Все трое – Лызлов, красноармеец и продкомиссар, – сбившись в кучу, оцепенело глядели вокруг себя. У Лызлова, как от великой боли, оскалились зубы, и был жуток желтый оскал крепких его зубов. Продкомиссар тер себе подбородок, бормоча что-то непослушными губами. А третий, зажимая ладонью подбитый глаз, с ужасом глядел уцелевшим глазом на бабу, поверженную во прах, на лежавшую рядом с ней винтовку. Красивое лицо Рублевской молодайки синело и зверело от судорог. Отовсюду приближались.
– ... что ж это вы, товарищи, бабу мою обидели? – ядовито прошипел кто-то сзади.
Они обернулись все трое. Тут-то и наскочил на них верхним ястребиным летом Гарасим черный.
XIII. Воры гуляют.
Сергей Остифеич провел весь тот день до самого вечера в Чекмасове.
Телефон не действовал, но в трубке как-то звенело, словно кто поддразнивал с другого конца порезанного провода. К вечеру Сергей Остифеич затянул ремень на шинели потуже и выехал в Воры. К этому времени уже совершенно сложился у Сергея Остифеича план: надо заехать в Воры, за бумагами и с каким-нибудь поручением уезжать в уезд от начинающихся бесчинств... Ехал он не спеша, потому что небезопасно было шуметь по темени возле этого края Кривоносовых болот. По-разному шалила в этом месте летучая братия над проезжими. А лошадь у Половинкина была белая: – хорошая цель и по темноте. В одном повороте дороги Сергей Остифеич даже соскочил с лошади и вел ее на поводу, пока не миновал подозрительный осинник. Сергей Остифеич был прав: уже не храбрость, а глупость – подставлять себя под баловную пулю незнакомого удальца.
С самого начала Попузинского луга ударил по Сергею Остифеичу ветер, донес всплески дальнего набата. Место тут было очень просторное. Сергей Остифеич вскочил в седло и хлестнул лошадь. Воры, окруженные лесами, не были видны Сергей Остифеичу: Сергей Остифеич подъезжал с юга. Тут ему показалось, что видит на облаке отсвет огня. Причина набата стала ясна. Опасности не предвиделось. Сергей Остифеич еще раз подхлестнул кобылку.

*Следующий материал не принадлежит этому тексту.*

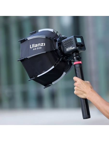 Create soft and even light The Ulanzi AS D30 Octagonal Softbox With Mini Bowens Mount And Grid 30 cm is ideal for portrait or product photography. The softbox is quick to open and collapse. It is lightweight, easy to fold and convenient to store or carry. The Mini Bowens mount is perfectly compatible with Ulanzi LT028 40 W and LT005 60 W video light. Highlights Ideal for portrait or product photography. Easy to carry Effortless to set up and take down Perfect match for COB lamps With the Mini Bowens mount, it is ideal for a wide range of lights from Ulanzi. Easy to carry It weighs around 500g, making it perfect for travelling. Effortless to set up and take down It has a Click lock design and is quick to assemble. Born for versatility The double diffuser and grid ensure beautifully soft and even lighting., Mounting: Mini Bowens mount Dimensions: 28. x 14.3 x 14.3 cm Diameter: 30 cm Depth: 23 cm Weight: 300 g , 1 x Ulanzi AS D30 Octagonal Softbox With Mini Bowens Mount And Grid 30 cm 1 x Inner diffusor 1 x Front diffusor 1 x Grid 1 x Carring bag
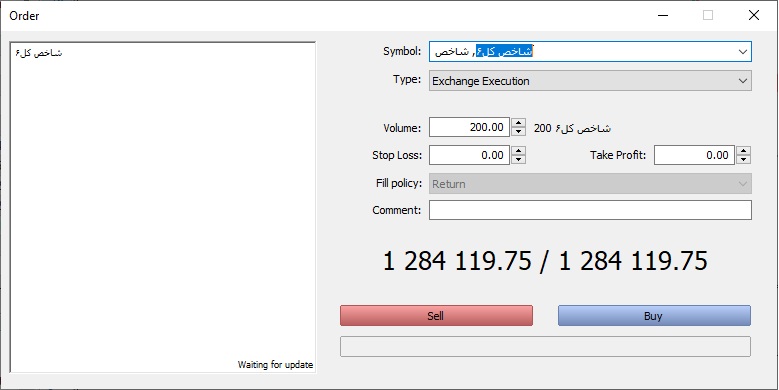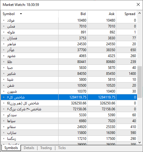 سپس در مرحله دوم با دوبار کلیک بر روی نام مورد نظر در پنجره باز شده نام کامل دارایی را انتخاب می کنیم برای مثال نام کامل شاخص کل که در مفید تریدر به صورت (شاخص کل6, شاخص) می باشد.

С опушки, ближней к Ворам, стало видно: пожар, – очевидно горел какой-нибудь из крайних домов. "Разойтись пожар не может, ветер не в ту сторону. А вместе с тем и хорошо: вниманье мужиков хотя бы временно отвлечется на пожар. А там, может быть, и совсем схлынет, рассеется мужиковское волненье. Недолог мужиковский гнев!" Так думал Половинкин, трясясь в седле. Набат стал опять слышен. Исступленно и без сопровожденья малых колоколов, бухал большой, в суматохе утерявший все свое достоинство старшинства. "Должно быть, Пуфла горит!" – подтвердил свои догадки Половинкин и в третий раз подогнал коня.
Он приближался к Ворам бесшумно, тонули в глубокой пыли стуки копыт. И вдруг перед самым селом стало жутко. Он напрягся до багрового стыда и переупрямил страх. Привязав кобылку к перилам моста, он пеше добрался до подъема холма. Попалось на пути подобие водоотводного рва, Половинкин переполз его. К этому времени стало совсем темно, приходилось итти почти наощупь. Так, в темноте, он нашарил плетень крайнедеревенца. Жгучее, неосознанное любопытство охватило Сергей Остифеича, – вот так же в царскую войну, когда в темноте нужно было миновать вражеский дозор или черный наблюдающий глазок пулеметного гнезда. Это было любопытство здорового человека к смерти. – Приникнув к плетню, выглянул.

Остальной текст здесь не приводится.